All entries below are to be written out again exactly, but no picture is to be copied.

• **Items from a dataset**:
┄┄┄┄┄┄┄┄┄┄
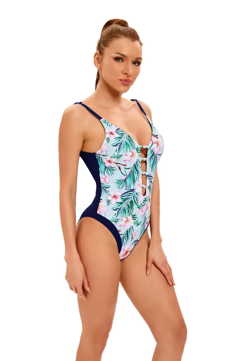 Sexy One Piece Swimsuit Swimwear Women Leaf Floral Print V-neck Holow Bathing Suit Beachwear Trajes
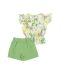 طقم بناتي شورت بخصر مطاطي مع بلوزة بأكمام كاب مطبوعة بالكامل وياقة مستديرة
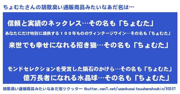 | 男性向けラノベタイトル風あだ名 | 『ちょむたという概念が存在しない退屈な世界 』 |
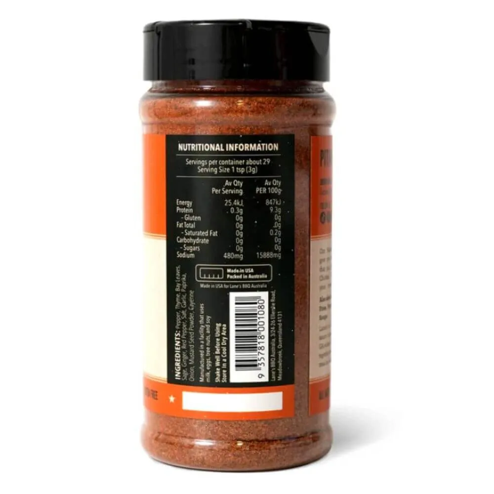Introducing Lane's BBQ Nashville Hot Seasoning, a skillfully crafted mix of top-tier ingredients such as cayenne pepper, paprika, and garlic, designed to replicate the distinctive fiery essence of Nashville-style hot chicken. This blend offers a bold and spicy flavour that will tantalize your taste buds, harmoniously combining a fiery punch with a hint of sweetness and tanginess for a one-of-a-kind, tantalizing taste experience.
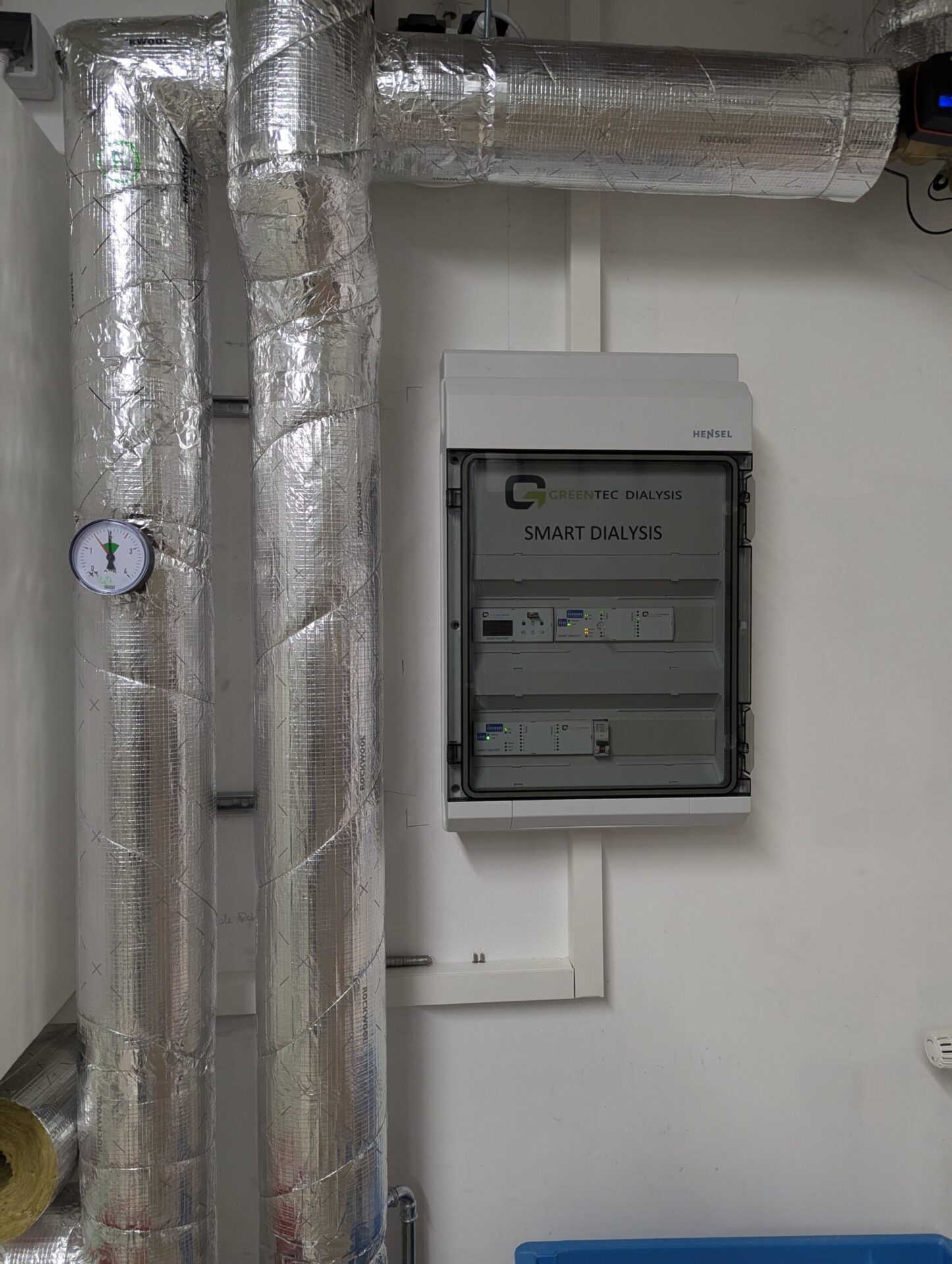 Umgesetzt haben wir unser Smart Dialysis®-Konzept bestehend aus Sektorenvernetzung mit unserem HE.RO-Wärmetauscher in Kombination mit zwei Wärmepumpen und Anschluss an die bestehende PV-Anlage. Als Pilot haben wir eine Wärmerückgewinnung an den Konzentratabfluss der Osmoseanlage angeschlossen, um noch mehr Energie sparen zu können. Das abgekühlte Wasser wird dann für die Toilettenspülung verwendet. Unser GreenTec Performance System (GPS) haben wir als Steuerungs- und Monitoringssoftware installiert.
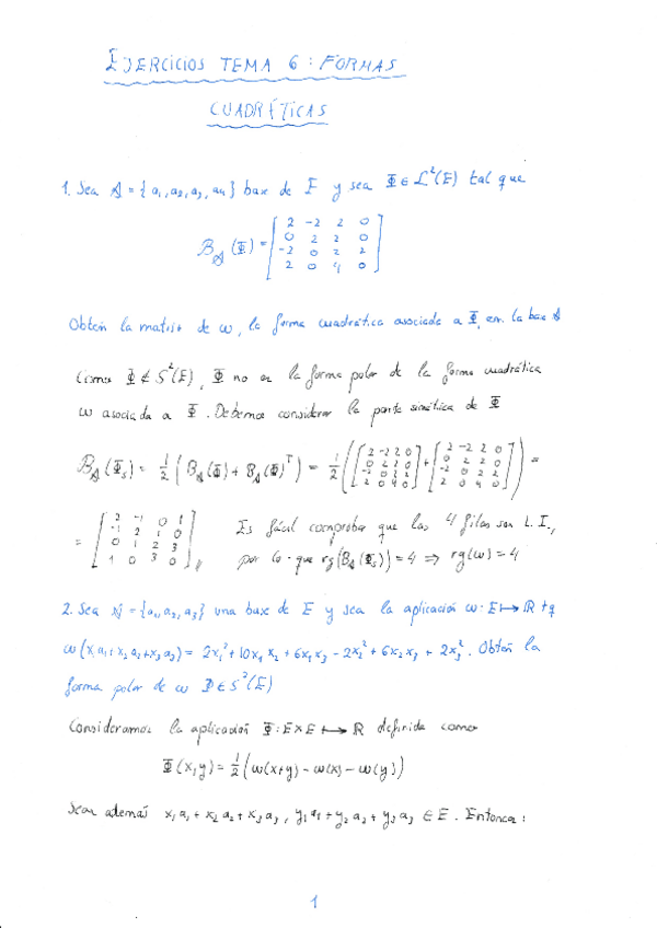 He publicado nuevos ejercicios de 1º Álgebra Lineal II: Tema 6: Formas cuadráticas
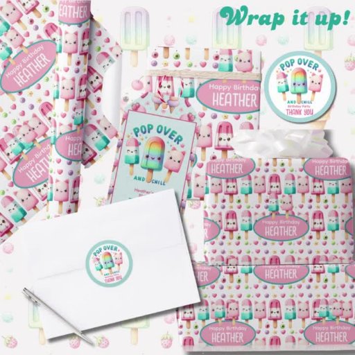 Pop de gelo, Sorvete, item de evento da Festa de Verão de Picolé para o aniversário de crianças, neutro para o sexo de filho ou filha. Design por LeahG. Gráficos por Grafixdeals.com.
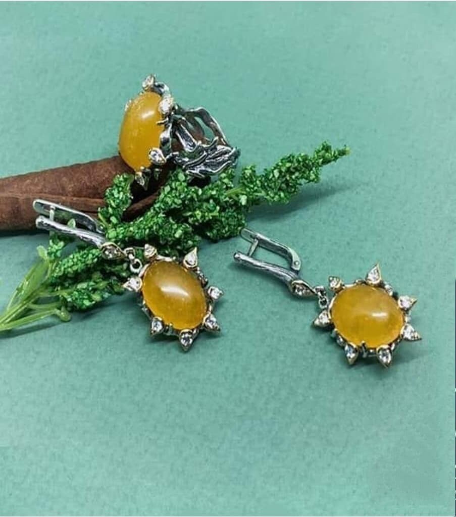 Sterling silver 925, natural gemstone: black onyx, yellow jadeite, purple amethyst
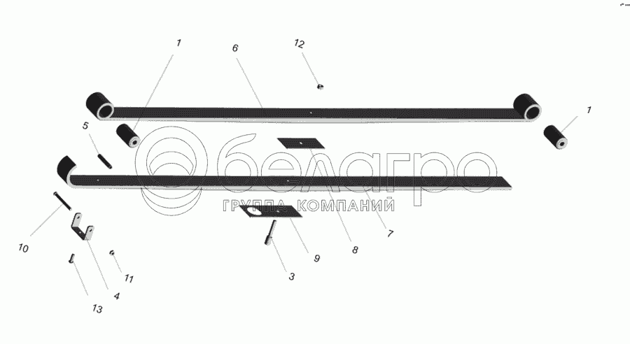 Каталог запасных частей к технике: МАЗ-437030 (Зубренок). Рессора передняя 4370-2902012
┄┄┄┄┄┄┄┄┄┄
• **Final answer**:
 Sexy One Piece Swimsuit Swimwear Women Leaf Floral Print V-neck Holow Bathing Suit Beachwear Trajes
 طقم بناتي شورت بخصر مطاطي مع بلوزة بأكمام كاب مطبوعة بالكامل وياقة مستديرة
 | 男性向けラノベタイトル風あだ名 | 『ちょむたという概念が存在しない退屈な世界 』 |
Introducing Lane's BBQ Nashville Hot Seasoning, a skillfully crafted mix of top-tier ingredients such as cayenne pepper, paprika, and garlic, designed to replicate the distinctive fiery essence of Nashville-style hot chicken. This blend offers a bold and spicy flavour that will tantalize your taste buds, harmoniously combining a fiery punch with a hint of sweetness and tanginess for a one-of-a-kind, tantalizing taste experience.
 Umgesetzt haben wir unser Smart Dialysis®-Konzept bestehend aus Sektorenvernetzung mit unserem HE.RO-Wärmetauscher in Kombination mit zwei Wärmepumpen und Anschluss an die bestehende PV-Anlage. Als Pilot haben wir eine Wärmerückgewinnung an den Konzentratabfluss der Osmoseanlage angeschlossen, um noch mehr Energie sparen zu können. Das abgekühlte Wasser wird dann für die Toilettenspülung verwendet. Unser GreenTec Performance System (GPS) haben wir als Steuerungs- und Monitoringssoftware installiert.
 He publicado nuevos ejercicios de 1º Álgebra Lineal II: Tema 6: Formas cuadráticas
 Pop de gelo, Sorvete, item de evento da Festa de Verão de Picolé para o aniversário de crianças, neutro para o sexo de filho ou filha. Design por LeahG. Gráficos por Grafixdeals.com.
 Sterling silver 925, natural gemstone: black onyx, yellow jadeite, purple amethyst
 Каталог запасных частей к технике: МАЗ-437030 (Зубренок). Рессора передняя 4370-2902012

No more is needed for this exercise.